= Eric Dowling =

Eric Perry Dowling (22 July 1915 – 21 July 2008) was a British Royal Air Force navigator who participated in the Second World War breakout known as "The Great Escape".

Dowling was born on 22 July 1915 in Glastonbury, Somerset. Before the Second World War he worked for his father, a miller and cattle food Manufacturer.

250 prisoners of war, in all, had been set to attempt an escape via three tunnels ("Tom", "Dick" and "Harry"). One tunnel was uncovered by guards. Another was used to store the earth excavated from Harry. The remaining tunnel, whose entrance was concealed beneath a stove in one of the huts, was too short to allow the airmen to emerge in the nearby woodland, and the men made a dash for cover over open ground.

76 men managed this undetected, but the next man was spotted and the escape curtailed. All but two of the escapees were recaptured.
50 officers among them were executed on Hitler's orders. Dowling, who personally knew some of those officers, was reportedly less than impressed with the Hollywood film version of the events.

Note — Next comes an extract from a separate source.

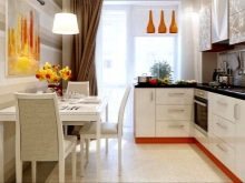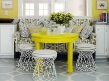 Una versió senzilla, moderna i molt funcional del disseny d’una petita cuina. Aquest grup de menjador no és un conjunt, però sembla harmoniós. La taula i les cadires estan units per una forma abstracta i un material de fabricació. Pel que fa als colors, són una mica diferents: es tracta de 2 colors propers i de diversos colors del mateix color. Fer que el grup de menjador sigui el centre de la composició de la cuina permet la seva ubicació, a més d’il·luminació puntual de la taula amb làmpades penjants, llums.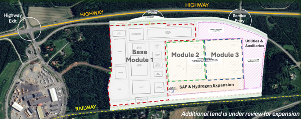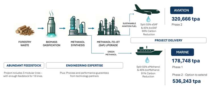 - 180,000 tpa SAF on completion of Module 3 – split 55% eSAF & 45% bioSAF

While imprisoned he became fluent in five languages. He achieved the rank of squadron leader. He later worked in Norway as an air crash investigator for the RAF, where he met the woman who would become his wife, Agnes Marie.

==Family==
Dowling married Agnes Marie in January 1946 in Norway after a six-week courtship. They had a son and a daughter. After leaving the RAF, Dowling worked for British Aerospace at Filton, Bristol. Agnes died in 1997 add Dowling died on 21 July 2008 at Stoke Bishop.